▶ [PROBLEM] Repeat exactly the lines of the records below, starting at the line containing "The JS-Tap payload" and ending at the line containing "Brit Care Cat". Leave the pictures out.

▶ [EXERCISE DATA]

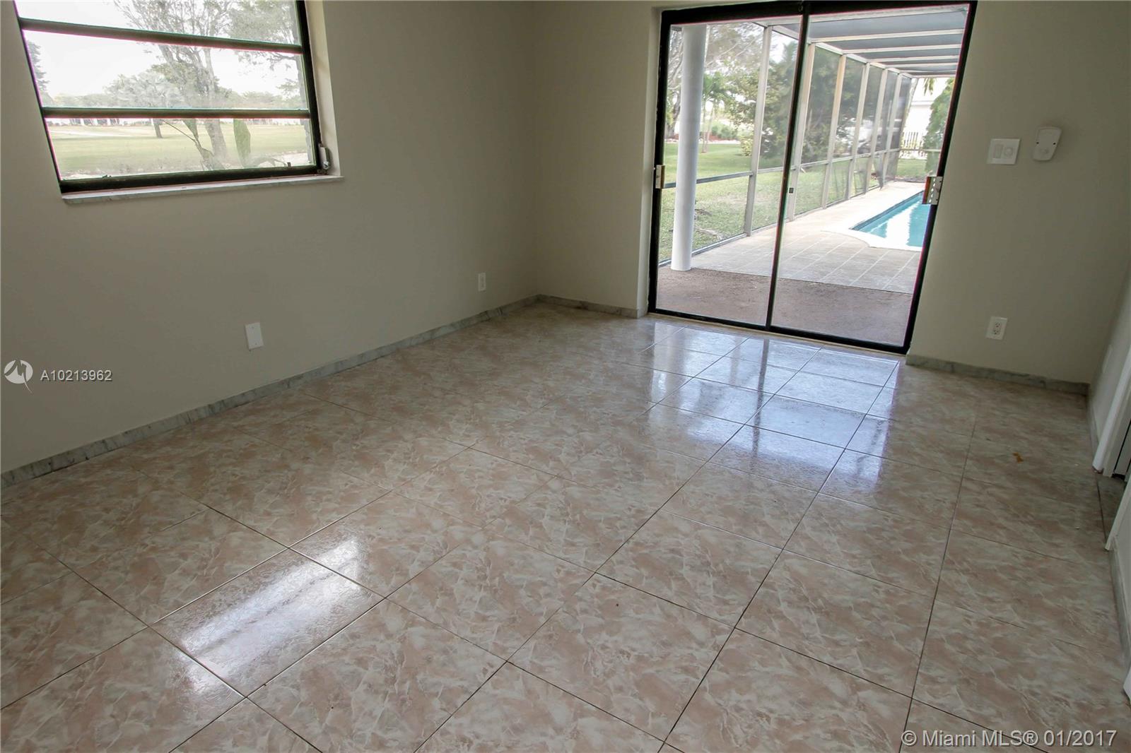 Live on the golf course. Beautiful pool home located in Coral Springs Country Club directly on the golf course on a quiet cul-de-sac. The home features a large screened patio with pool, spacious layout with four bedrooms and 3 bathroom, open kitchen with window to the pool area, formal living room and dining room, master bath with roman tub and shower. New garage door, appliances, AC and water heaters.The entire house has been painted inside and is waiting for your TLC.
...
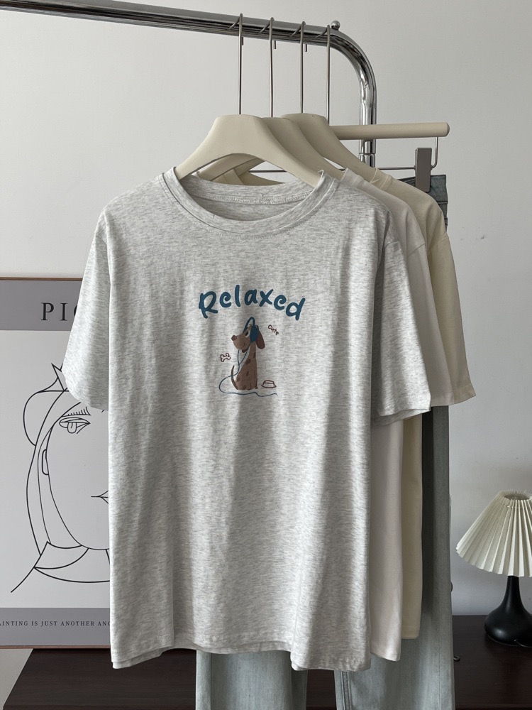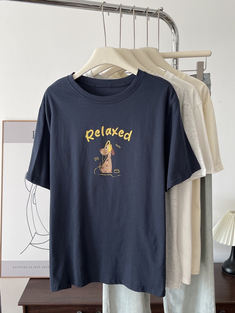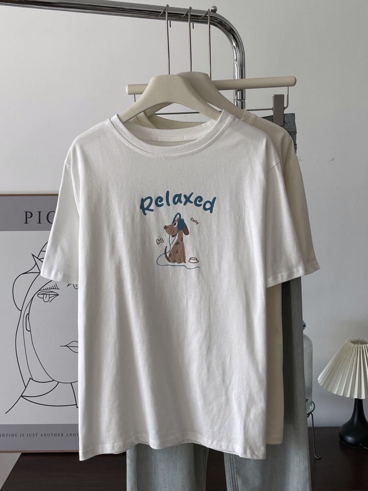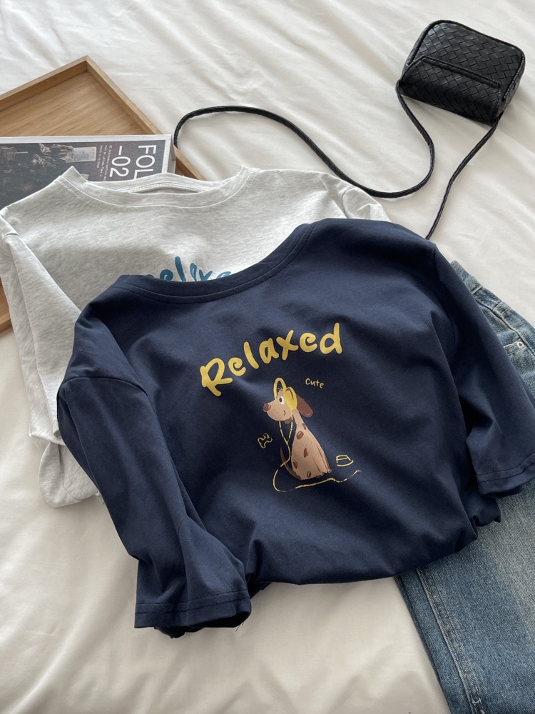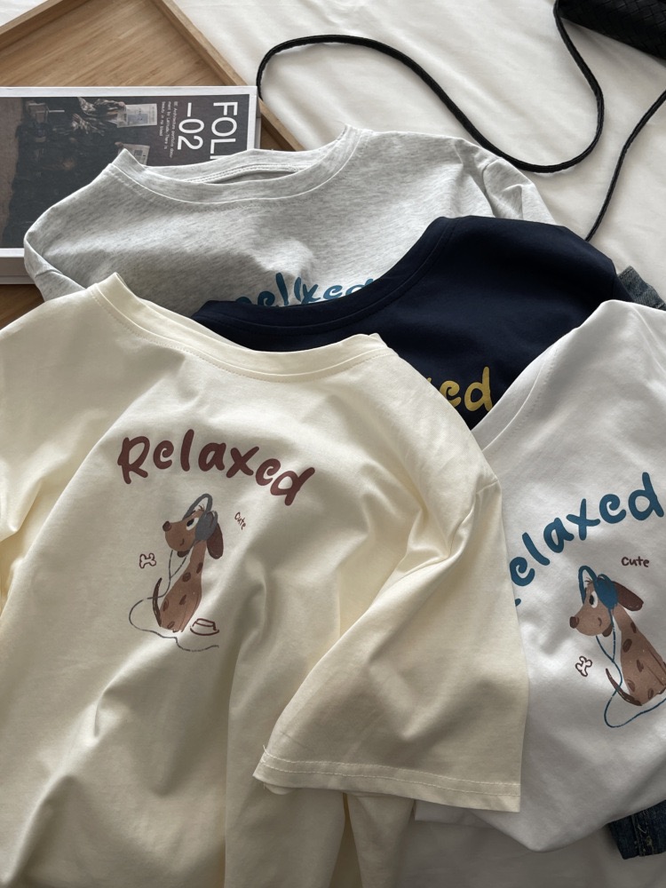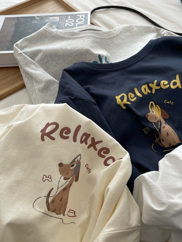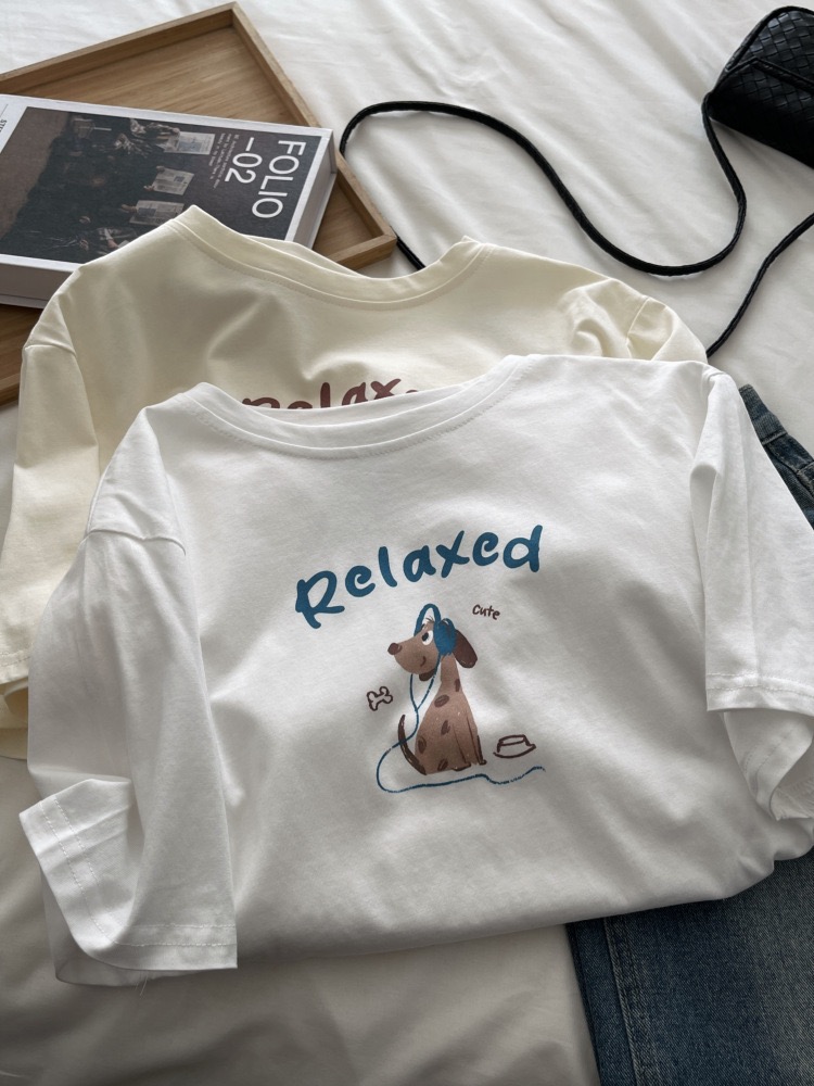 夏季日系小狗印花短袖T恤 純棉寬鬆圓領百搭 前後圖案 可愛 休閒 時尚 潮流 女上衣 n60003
* * *
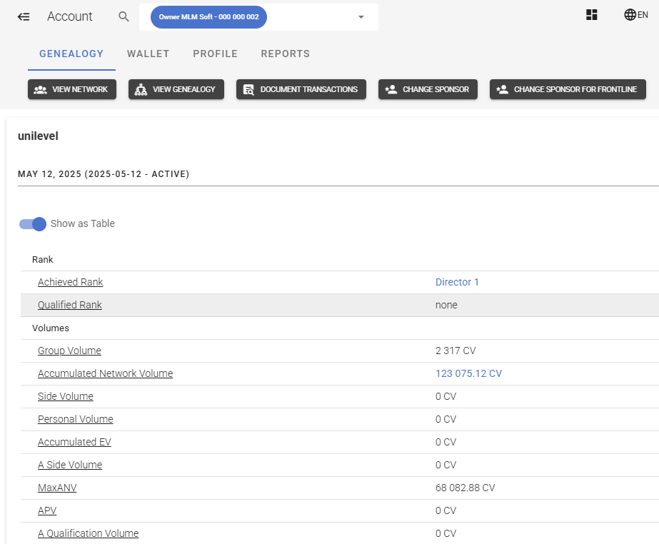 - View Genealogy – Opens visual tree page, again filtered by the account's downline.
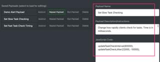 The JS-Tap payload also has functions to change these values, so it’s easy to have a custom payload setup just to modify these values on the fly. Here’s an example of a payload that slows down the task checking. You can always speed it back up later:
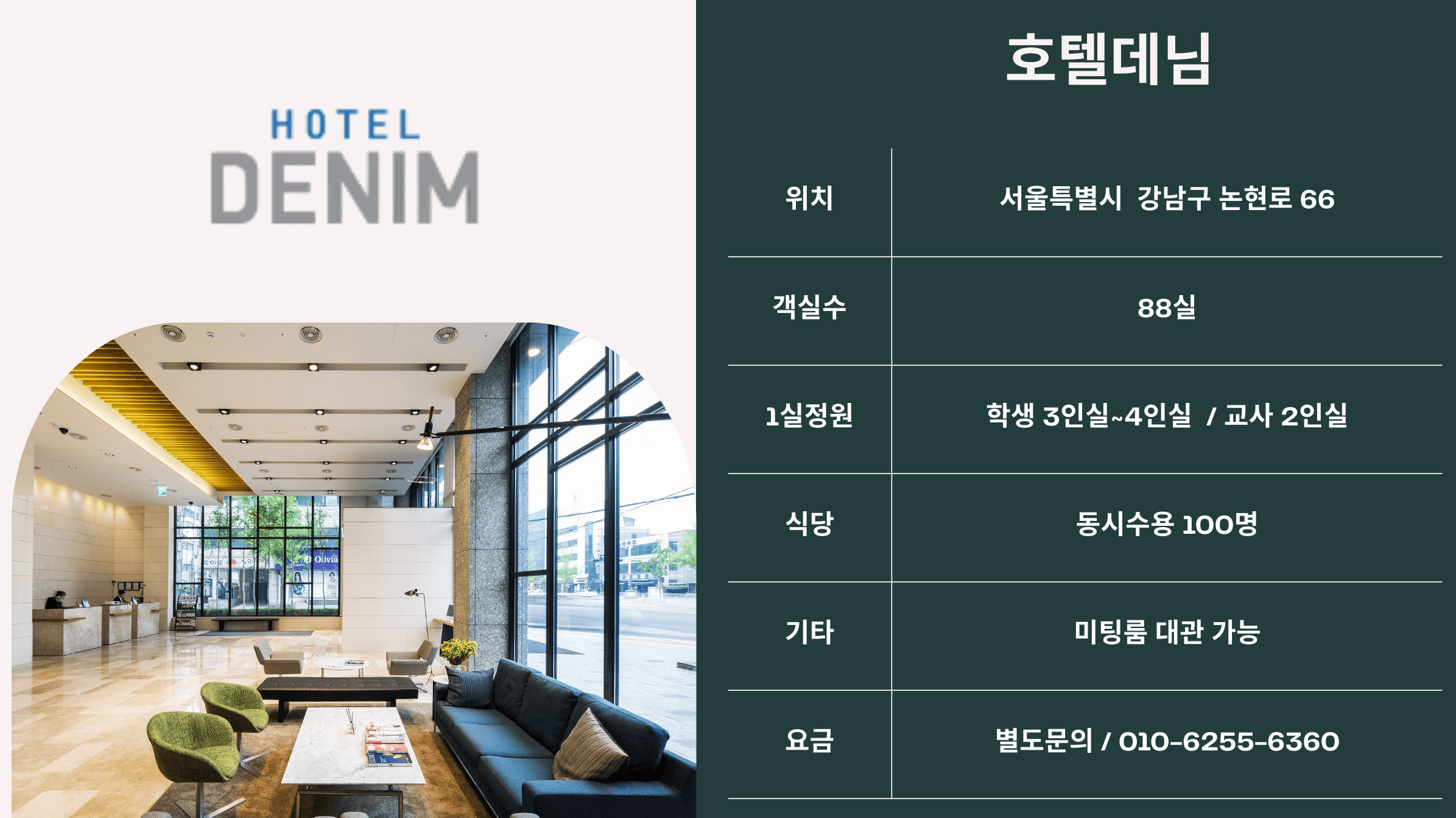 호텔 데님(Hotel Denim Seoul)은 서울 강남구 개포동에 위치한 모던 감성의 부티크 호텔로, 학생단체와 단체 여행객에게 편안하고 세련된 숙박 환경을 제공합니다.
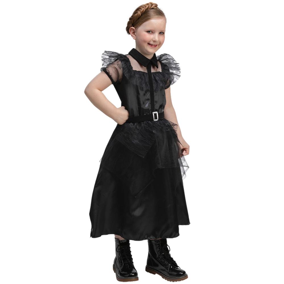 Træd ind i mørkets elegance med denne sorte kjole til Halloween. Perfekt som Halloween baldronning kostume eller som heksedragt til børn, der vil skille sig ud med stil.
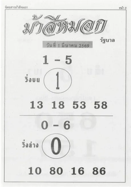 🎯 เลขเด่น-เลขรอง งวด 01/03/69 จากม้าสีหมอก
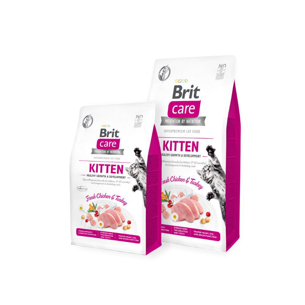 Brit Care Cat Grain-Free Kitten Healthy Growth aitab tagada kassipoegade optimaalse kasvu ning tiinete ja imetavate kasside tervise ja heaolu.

▶ [RESPONSE TO THIS EXERCISE]
 The JS-Tap payload also has functions to change these values, so it’s easy to have a custom payload setup just to modify these values on the fly. Here’s an example of a payload that slows down the task checking. You can always speed it back up later:
 호텔 데님(Hotel Denim Seoul)은 서울 강남구 개포동에 위치한 모던 감성의 부티크 호텔로, 학생단체와 단체 여행객에게 편안하고 세련된 숙박 환경을 제공합니다.
 Træd ind i mørkets elegance med denne sorte kjole til Halloween. Perfekt som Halloween baldronning kostume eller som heksedragt til børn, der vil skille sig ud med stil.
 🎯 เลขเด่น-เลขรอง งวด 01/03/69 จากม้าสีหมอก
 Brit Care Cat Grain-Free Kitten Healthy Growth aitab tagada kassipoegade optimaalse kasvu ning tiinete ja imetavate kasside tervise ja heaolu.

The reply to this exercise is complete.